## INFORMATION GIVEN
━━━━━━━━━━━━━━━━━━━━

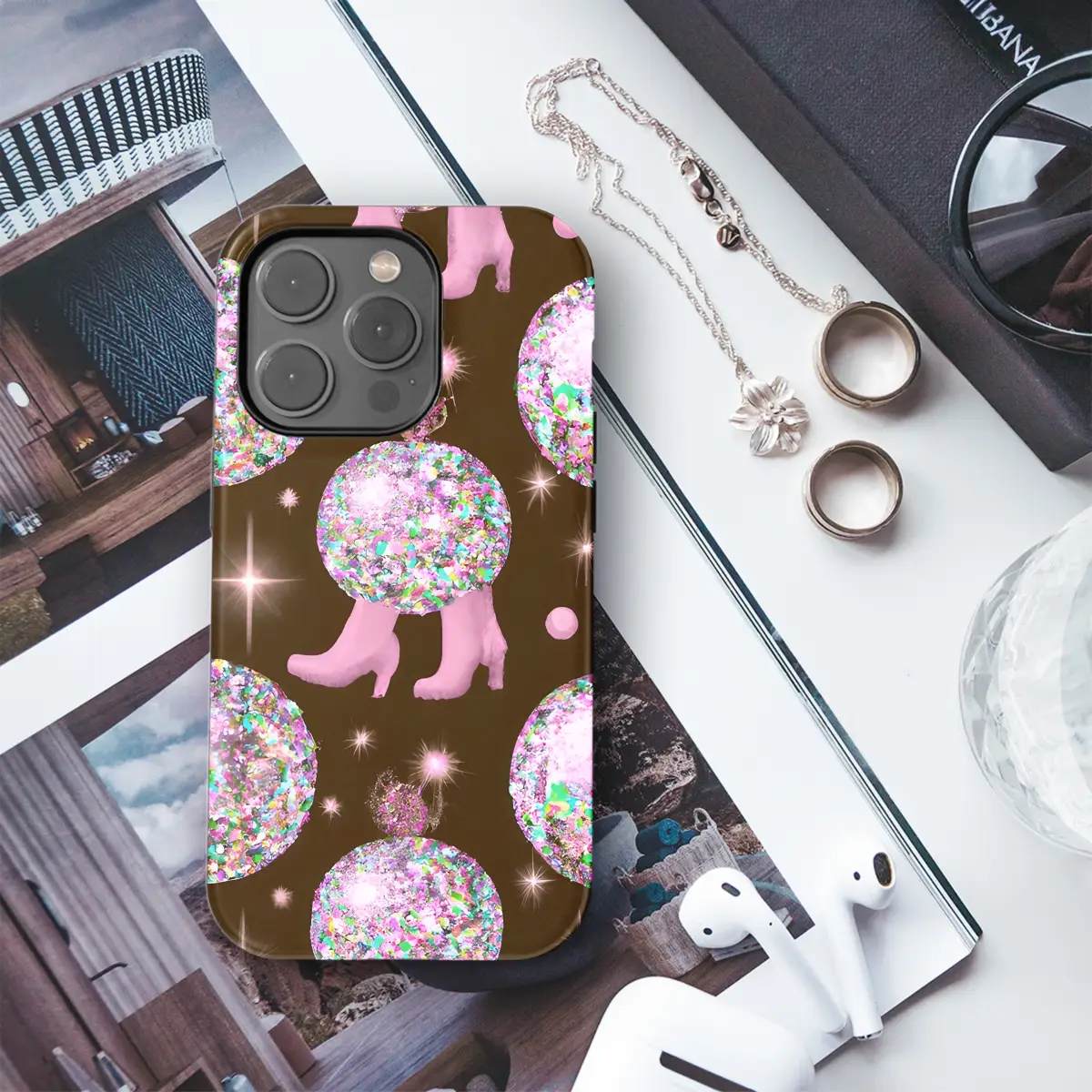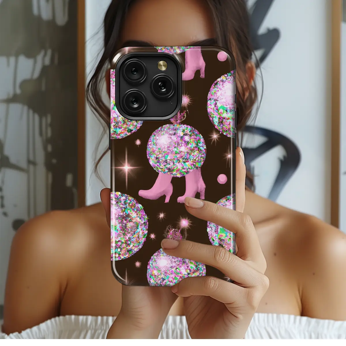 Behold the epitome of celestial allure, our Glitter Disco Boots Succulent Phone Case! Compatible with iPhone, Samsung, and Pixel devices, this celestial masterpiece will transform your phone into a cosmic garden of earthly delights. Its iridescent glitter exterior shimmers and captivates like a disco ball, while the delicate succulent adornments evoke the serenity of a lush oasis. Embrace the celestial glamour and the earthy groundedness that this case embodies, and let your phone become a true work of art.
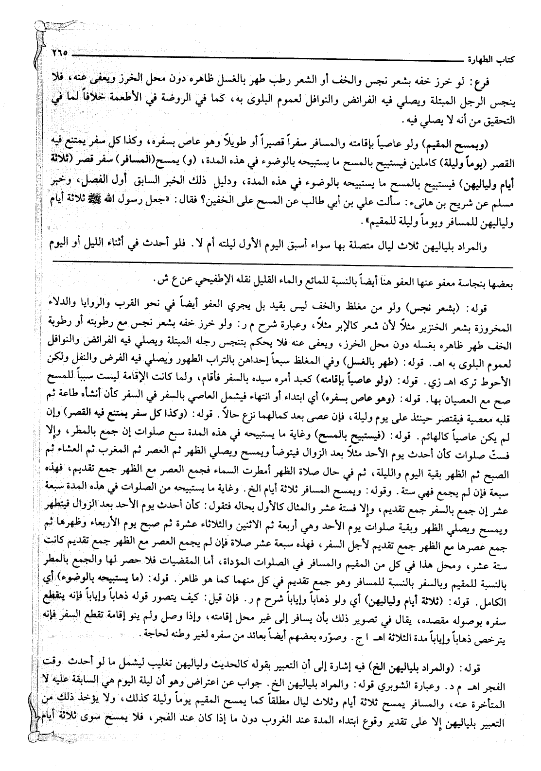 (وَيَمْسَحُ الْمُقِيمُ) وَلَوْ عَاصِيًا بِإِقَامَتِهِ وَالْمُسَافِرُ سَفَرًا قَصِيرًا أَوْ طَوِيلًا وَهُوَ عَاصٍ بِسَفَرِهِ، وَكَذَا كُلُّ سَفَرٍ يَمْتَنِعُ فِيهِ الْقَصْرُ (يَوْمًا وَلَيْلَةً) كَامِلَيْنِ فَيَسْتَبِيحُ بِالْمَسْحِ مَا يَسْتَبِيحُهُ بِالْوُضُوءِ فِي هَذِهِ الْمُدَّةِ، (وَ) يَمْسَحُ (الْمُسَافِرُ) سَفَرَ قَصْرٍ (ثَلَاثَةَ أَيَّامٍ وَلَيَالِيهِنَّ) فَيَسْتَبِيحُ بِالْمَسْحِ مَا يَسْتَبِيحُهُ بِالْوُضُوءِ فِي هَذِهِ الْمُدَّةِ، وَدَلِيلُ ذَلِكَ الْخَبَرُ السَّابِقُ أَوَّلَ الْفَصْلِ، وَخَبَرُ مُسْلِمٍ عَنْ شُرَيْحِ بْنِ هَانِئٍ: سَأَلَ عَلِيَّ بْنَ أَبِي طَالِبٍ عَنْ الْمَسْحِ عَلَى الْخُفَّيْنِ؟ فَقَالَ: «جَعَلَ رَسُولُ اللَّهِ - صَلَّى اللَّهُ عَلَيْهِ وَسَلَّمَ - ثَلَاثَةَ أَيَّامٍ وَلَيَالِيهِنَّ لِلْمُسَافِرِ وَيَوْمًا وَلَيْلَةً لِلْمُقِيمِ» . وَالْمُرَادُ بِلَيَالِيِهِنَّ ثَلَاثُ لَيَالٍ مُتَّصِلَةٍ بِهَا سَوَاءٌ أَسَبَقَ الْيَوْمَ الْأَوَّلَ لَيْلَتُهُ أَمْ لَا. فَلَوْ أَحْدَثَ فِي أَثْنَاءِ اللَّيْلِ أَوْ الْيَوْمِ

━━━━━━━━━━━━━━━━━━━━

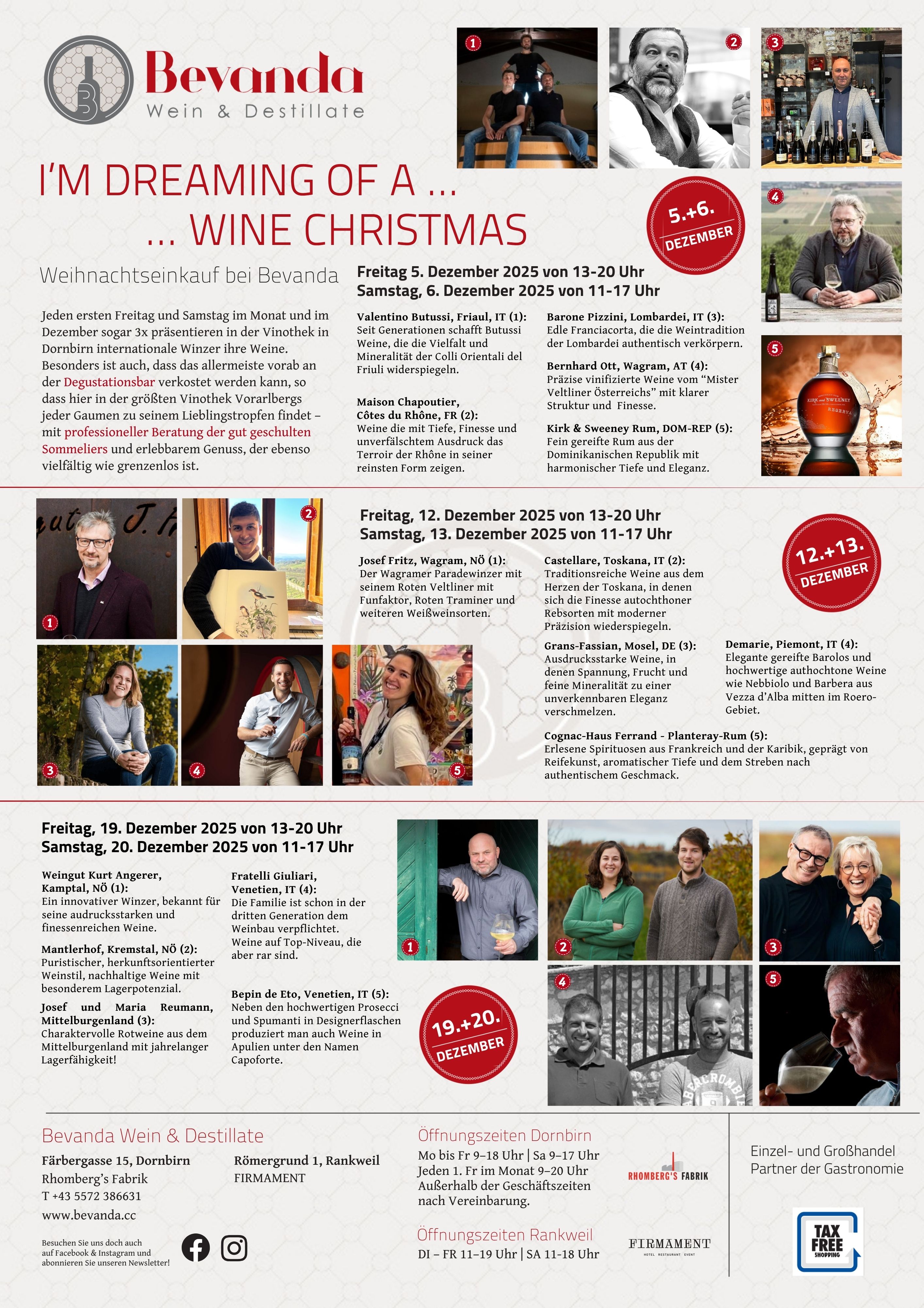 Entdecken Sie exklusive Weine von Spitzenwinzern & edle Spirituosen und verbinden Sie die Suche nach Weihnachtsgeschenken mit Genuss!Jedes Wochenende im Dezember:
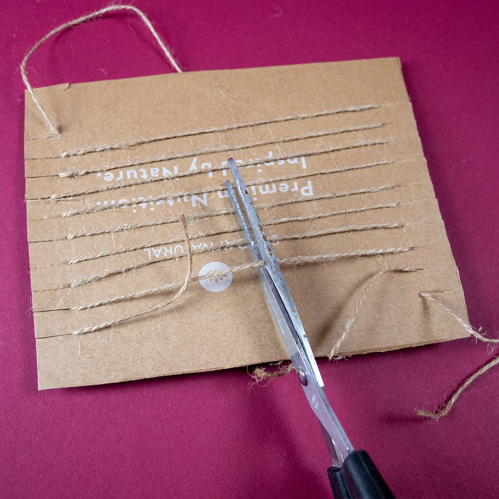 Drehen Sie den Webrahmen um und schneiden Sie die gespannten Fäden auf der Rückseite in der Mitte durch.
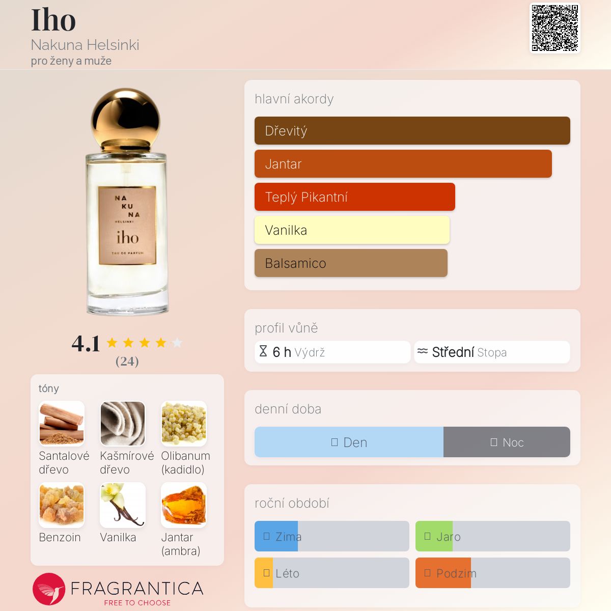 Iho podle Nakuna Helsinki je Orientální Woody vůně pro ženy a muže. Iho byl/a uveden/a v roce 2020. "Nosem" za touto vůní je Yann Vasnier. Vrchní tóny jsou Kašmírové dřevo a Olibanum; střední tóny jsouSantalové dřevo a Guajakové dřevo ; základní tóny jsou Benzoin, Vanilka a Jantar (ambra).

━━━━━━━━━━━━━━━━━━━━

## THE TASK
Return exactly the lines above, from the one with "Entdecken Sie exklusive" up to and including the one with "Drehen Sie den", and include no pictures.

## EXERCISE ANSWER
 Entdecken Sie exklusive Weine von Spitzenwinzern & edle Spirituosen und verbinden Sie die Suche nach Weihnachtsgeschenken mit Genuss!Jedes Wochenende im Dezember:
 Drehen Sie den Webrahmen um und schneiden Sie die gespannten Fäden auf der Rückseite in der Mitte durch.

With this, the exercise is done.